CPU主体の計算クラスターを大規模に抱える多くの映像制作スタジオの場合、その電力の獲得、維持、それに伴う各種メンテナンス、躯体ベースでのエアフロー確保とサーバルーム全体のエアフロー確保、発火などの非常時対策とこれらに伴う24時間365日の管理体制構築と維持に、神経をすり減らし運営していることでしょう。そこに加え、熱管理をCPU以上に慎重に扱うGPUクラスターなども近年は割合いを増し始め、デリケートな計算を扱う場合はGPUの癖も理解し、その上で電力効率と計算効率、バッチ処理時の各スケジューリング問題などを的確に扱い、その上で可能な限り無駄を減らし、エコロジカルな意識とコスト削減の精神でもって日常的に運用していることと思います。
その課題に関して、近年は大規模計算へのFPGA利用も増え始め、サーバー内での日常的に扱う計算をFPGAで行うなど、比較的大手企業からFPGAに関する積極利用が始まっていると言えます。加えて、Altera/IntelのFPGA搭載Xeon Scalable Processorに関するニュースやそれを実際に搭載したストレージなどの登場により、キャッシュミスの少なさと電力効率の良さ、Intel.HSLcompilerによるmathライブラリを含む様々なサポートの進展など、FPGAそのものへの関心は性能と効率、コスト削減を考えていく上で大きな課題になっているとモデレータ達は考えています。
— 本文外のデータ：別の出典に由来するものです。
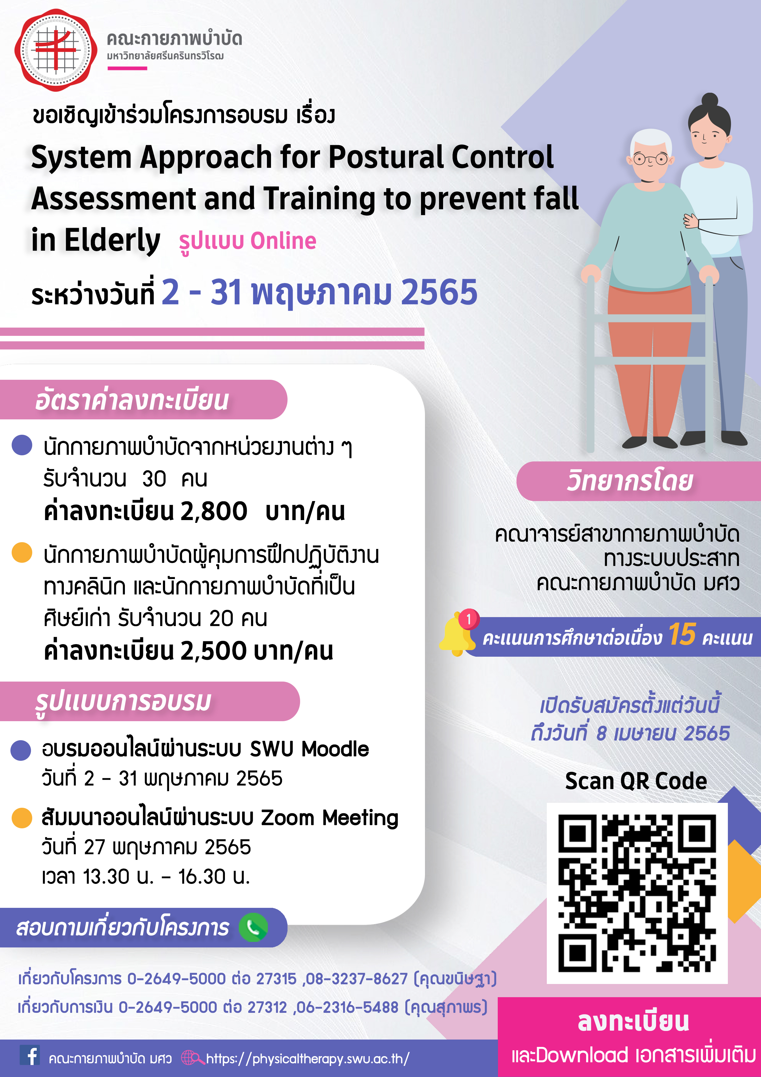 คณะกายภาพบำบัด มศว ขอเชิญนักกายภาพบำบัด อาจารย์ จากสถาบันต่างๆ เข้าร่วม โครงการอบรม System Approach for Postural Control Assessment and Training to prevent fall in elderly

It’s most likely the case that many video production studios that host a large scale of calculation clusters with a CPU core are wearing their nerves out just to operate them, given that they have to secure electric power, maintain it, give appropriate corresponding maintenance, secure airflow per skeleton base, secure airflow for the entire server room, take countermeasures for emergencies such as fires, and create and maintain an accompanying management system that runs 24 hours a day, 365 days a week. In addition, in recent years the percentage of GPU clusters (for which heat management has to be handled even more cautiously than with CPUs) is starting to see an increase. Therefore, we imagine that when such studios are handling intricate calculations, they are doing so with a comprehension of the peculiarities of GPU, and bearing this in mind, precisely handling the electrical efficiency, calculation efficiency, and individual scheduling issues that arise during batch processing, and on top of that reducing wasteful operations as much as possible, carrying out management with an ecological consciousness and spirit of cost reduction on a daily basis.
In regards to this challenge, in recent years the use of FPGA for large scale calculations has begun increasing, and it can be said that relatively major firms are starting to proactively make use of FPGA, such as by doing calculations handled daily within the server through FPGA instead. Additionally, due to news concerning Xeon Scalable Processors loaded with Altera/Intel FPGA as well as the emergence of storage actually equipped with it, the low occurrence of cache misses, the high level of electrical efficiency, and the progress made in various supporting functions including a math library via Intel HSL compiler, the moderators believe that interest in FPGA itself has become a major challenge that remains to be tackled when devising ways to improve performance, efficiency, and reduce the cost.

■ヘテロジニアスコンピューティングへの対応

■Response to Heterogeneous Computing

ムーアの法則の曲がり角として語られることの多いヘテロジニアスコンピューティングへの対応というフレーズは、次第に映像制作でも真剣に考えていかなければならない問題の多い事柄になって来ていると思われます。
例えば、計算クラスター内で機械学習などで学習後のモデルを推論モデルとして常時稼働などの事柄を考えていく場合、省エネ性などを考慮してFPGAも視野に入って来ている現状があり、PC/Severモデルからクライアント/クラウド（パブリック及びプライベートクラウド）での変化と同様に、今後益々これらの変化への対応を考えていくことは多くの分野と同様に映像制作でも自然な展開になっていくと思われます。
ドメイン固有アーキテクチャーなど今までと違った切り口で映像制作パイプラインで扱う各種計算をどう考えて行くかなど、今回の会合では多少でもディスカッションを行って行きたいと思います。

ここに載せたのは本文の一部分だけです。